#### Data below:

★ ★ ★ ★ ★ ★ ★

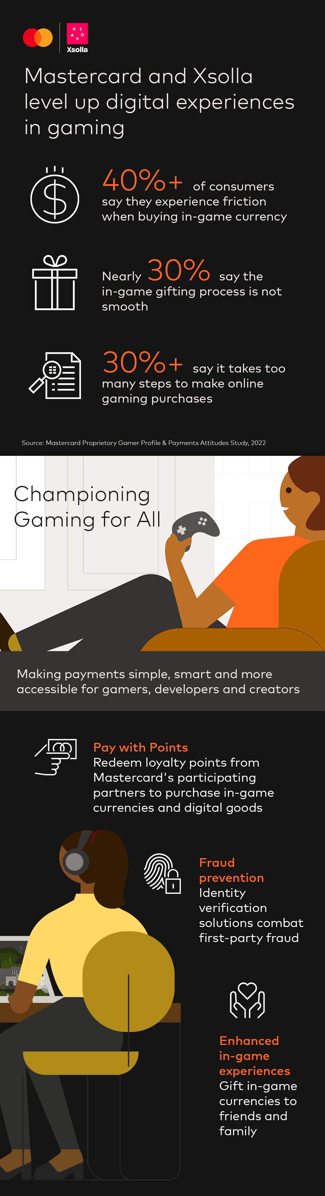 Today Mastercard and global video game commerce company Xsolla announced plans to collaborate on frictionless, secure, and rewarding payments for gamers – from enhanced checkout experiences using credit card loyalty points[1] to simple in-game currency gifting to improved creator payout processes and more. The partnership will combine Mastercard's technology, network-level expertise, global scale, and trusted connections with Xsolla's platform to create customizable and more accessible payment experiences for players, developers, and creators.
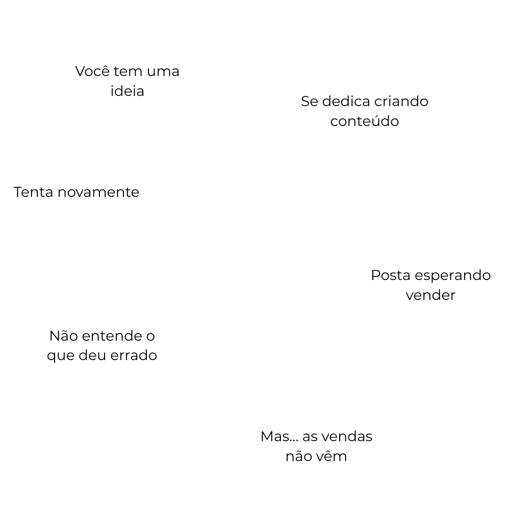 E enquanto você não tiver clareza de COMO usar o Instagram como uma vitrine de vendas, vai continuar vivendo o que eu chamo de “Ciclo da Frustração”: postar ➝ não vender ➝ desanimar ➝ tentar de novo ➝ nada muda.
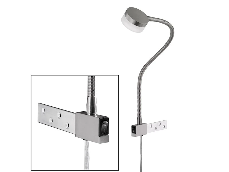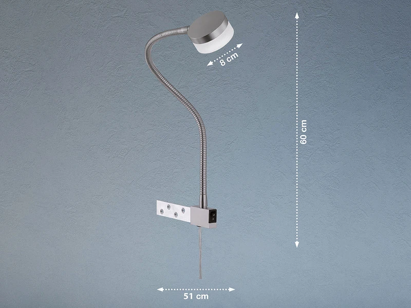 Jede Flexleuchte hat eine Ausladung von max. 51 cm und einen Durchmesser von 8 cm (Leuchtenkopf). Sie ist mit einem Schuko-Stecker ausgestattet, so dass sie über jede Steckdose angeschlossen werden kann. Mit dem in der Befestigung integrierten Ein-/Ausschalter können Sie die Möbelleuchte bequem bedienen. .
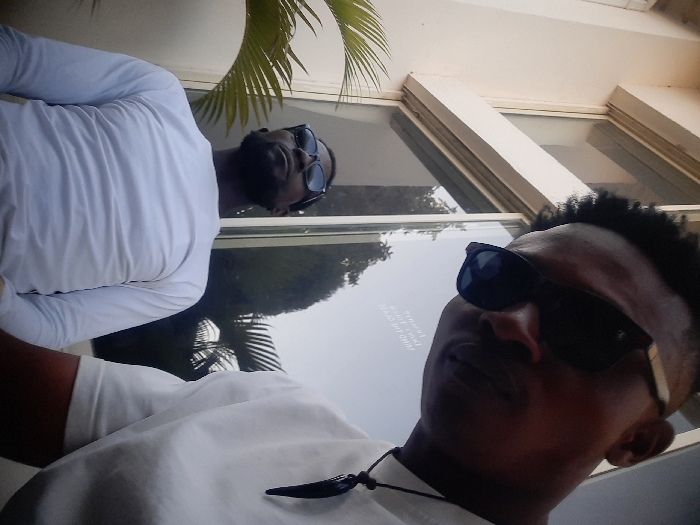 The image displays two adult males positioned outdoors or in a brightly lit indoor space next to a large window. The foreground subject, partially visible from the upper chest, occupies the right side of the frame. This individual is a dark-skinned male wearing dark sunglasses with subtle gold-colored accents on the frame, a plain white short-sleeved shirt, and a dark cord necklace with a black, possibly horn-shaped, pendant. His hair is dark and styled short. His head is tilted downwards and to the left, directing his gaze generally towards the camera. The background subject, positioned to the left and slightly behind the foreground individual, is another dark-skinned male, visible from the mid-torso upwards. He wears dark sunglasses and a long-sleeved white shirt. He has visible facial hair. His head is tilted slightly upwards and to the left. The immediate environment consists of a light-colored building wall with prominent horizontal window frames. The window glass reflects a blue sky, dark green trees, and inverted white text. Visible text fragments reflected in the glass include "SURELY," "DO YOU," and "MIND THE GAP." Green foliage, resembling a palm frond, is present in the lower left corner and also reflected within the window. The scene is illuminated by natural light. The specific location within the city of Jos, Nigeria, cannot be determined from the visual evidence presented in the image.

★ ★ ★ ★ ★ ★ ★

#### Work to be completed:
Every last line above must be reproduced as written, and no pictures belong in the copy.

#### Answer section:
 Today Mastercard and global video game commerce company Xsolla announced plans to collaborate on frictionless, secure, and rewarding payments for gamers – from enhanced checkout experiences using credit card loyalty points[1] to simple in-game currency gifting to improved creator payout processes and more. The partnership will combine Mastercard's technology, network-level expertise, global scale, and trusted connections with Xsolla's platform to create customizable and more accessible payment experiences for players, developers, and creators.
 E enquanto você não tiver clareza de COMO usar o Instagram como uma vitrine de vendas, vai continuar vivendo o que eu chamo de “Ciclo da Frustração”: postar ➝ não vender ➝ desanimar ➝ tentar de novo ➝ nada muda.
 Jede Flexleuchte hat eine Ausladung von max. 51 cm und einen Durchmesser von 8 cm (Leuchtenkopf). Sie ist mit einem Schuko-Stecker ausgestattet, so dass sie über jede Steckdose angeschlossen werden kann. Mit dem in der Befestigung integrierten Ein-/Ausschalter können Sie die Möbelleuchte bequem bedienen. .
 The image displays two adult males positioned outdoors or in a brightly lit indoor space next to a large window. The foreground subject, partially visible from the upper chest, occupies the right side of the frame. This individual is a dark-skinned male wearing dark sunglasses with subtle gold-colored accents on the frame, a plain white short-sleeved shirt, and a dark cord necklace with a black, possibly horn-shaped, pendant. His hair is dark and styled short. His head is tilted downwards and to the left, directing his gaze generally towards the camera. The background subject, positioned to the left and slightly behind the foreground individual, is another dark-skinned male, visible from the mid-torso upwards. He wears dark sunglasses and a long-sleeved white shirt. He has visible facial hair. His head is tilted slightly upwards and to the left. The immediate environment consists of a light-colored building wall with prominent horizontal window frames. The window glass reflects a blue sky, dark green trees, and inverted white text. Visible text fragments reflected in the glass include "SURELY," "DO YOU," and "MIND THE GAP." Green foliage, resembling a palm frond, is present in the lower left corner and also reflected within the window. The scene is illuminated by natural light. The specific location within the city of Jos, Nigeria, cannot be determined from the visual evidence presented in the image.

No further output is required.